Network topology and parameter estimation: from experimental design methods to gene regulatory network kinetics using a community based approach
1 T.J. Watson Research Center, Yorktown Heights, New York, USA
2 European Molecular Biology Laboratory, European Bioinformatics Institute, Cambridge, UK
3 Autodesk Research, San Francisco, CA, USA
4 Department of Bioengineering, University of Washington, William H. Foege Building, Box 355061, Seattle, WA 98195-5061, USA
5 Department of Mathematics, MIT, Cambridge, Massachusetts, USA
6 BIOSS Centre for Biological Signalling Studies, University of Freiburg, Schänzlestr. 18, 79104 Freiburg, Germany
7 Merrimack Pharmaceuticals One Kendall Square, Suite B7201, Cambridge, MA 02139, USA
8 Physics Department, University of Freiburg, Hermann-Herder Str.3, 79104 Freiburg, Germany
BMC Systems Biology 2014, 8:13 doi:10.1186/1752-0509-8-13Published: 7 February 2014
Accurate estimation of parameters of biochemical models is required to characterize the dynamics of molecular processes. This problem is intimately linked to identifying the most informative experiments for accomplishing such tasks. While significant progress has been made, effective experimental strategies for parameter identification and for distinguishing among alternative network topologies remain unclear. We approached these questions in an unbiased manner using a unique community-based approach in the context of the DREAM initiative (Dialogue for Reverse Engineering Assessment of Methods). We created an in silico test framework under which participants could probe a network with hidden parameters by requesting a range of experimental assays; results of these experiments were simulated according to a model of network dynamics only partially revealed to participants.
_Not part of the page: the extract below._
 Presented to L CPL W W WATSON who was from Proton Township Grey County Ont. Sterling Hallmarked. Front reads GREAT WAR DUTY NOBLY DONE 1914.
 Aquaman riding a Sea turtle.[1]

We proposed two challenges; in the first, participants were given the topology and underlying biochemical structure of a 9-gene regulatory network and were asked to determine its parameter values. In the second challenge, participants were given an incomplete topology with 11 genes and asked to find three missing links in the model. In both challenges, a budget was provided to buy experimental data generated in silico with the model and mimicking the features of different common experimental techniques, such as microarrays and fluorescence microscopy. Data could be bought at any stage, allowing participants to implement an iterative loop of experiments and computation.
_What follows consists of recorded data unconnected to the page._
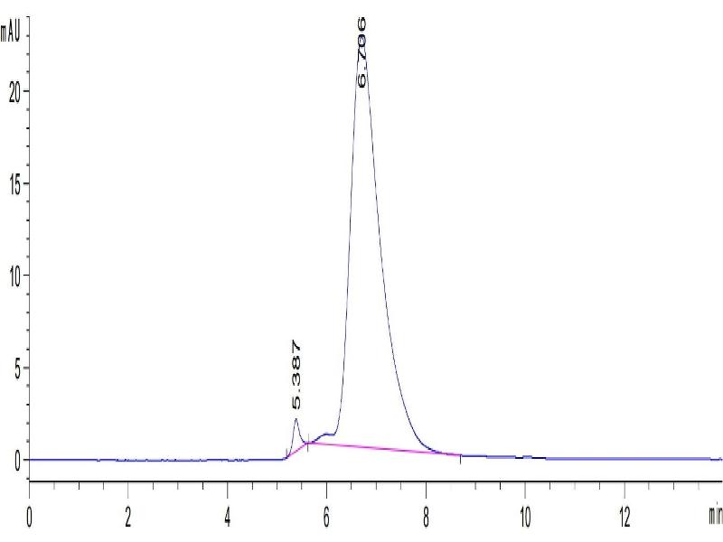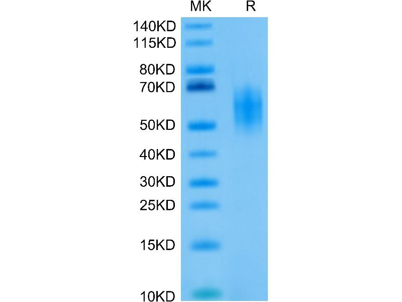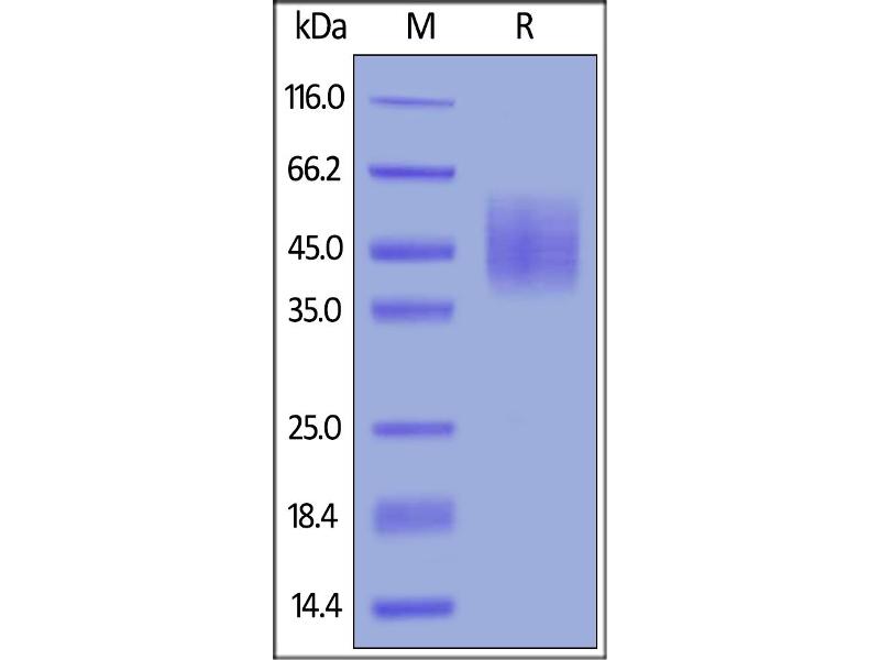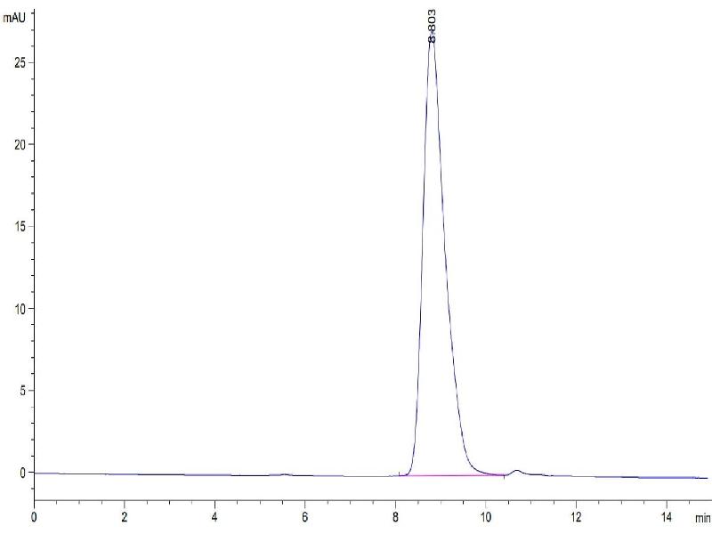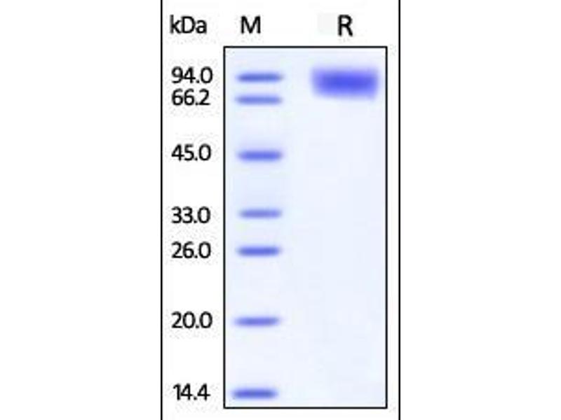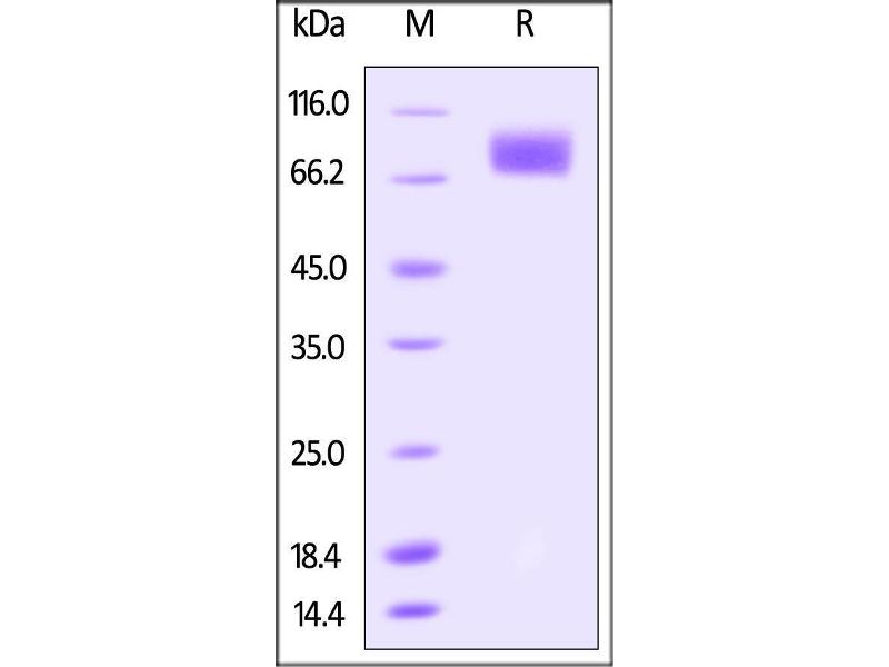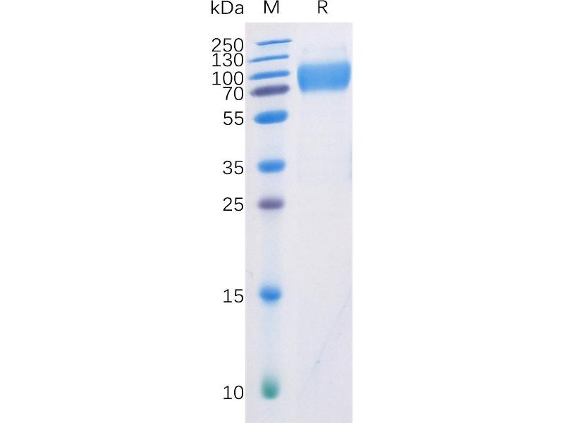 The purity of the protein is greater than 95 % as determined by SDS-PAGE and Coomassie blue staining.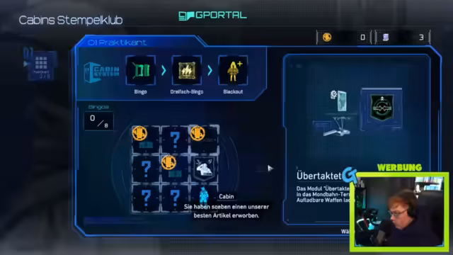 08:42:45Der Streamer entdeckt die erweiterten Funktionen des Schutzraums, einschließlich des Kevins Stempel Clubs, wo er Münzen gegen Belohnungen eintauschen kann. Er erfährt mehr über die Luna-Filament-Technologie, die für die Replikation von Objekten im Spiel dient. Zudem kann er sich mit Modulen ausrüsten, die seine Fähigkeiten im Kampf verbessern.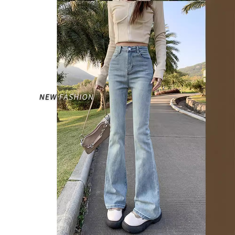 Micro flared jeans wanita pinggang tinggi, celana pel longgar lurus ramping meregang ketat musim semi dan musim gugur 2024

A total of 19 teams participated in this competition. The results suggest that the combination of state-of-the-art parameter estimation and a varied set of experimental methods using a few datasets, mostly fluorescence imaging data, can accurately determine parameters of biochemical models of gene regulation. However, the task is considerably more difficult if the gene network topology is not completely defined, as in challenge 2. Importantly, we found that aggregating independent parameter predictions and network topology across submissions creates a solution that can be better than the one from the best-performing submission.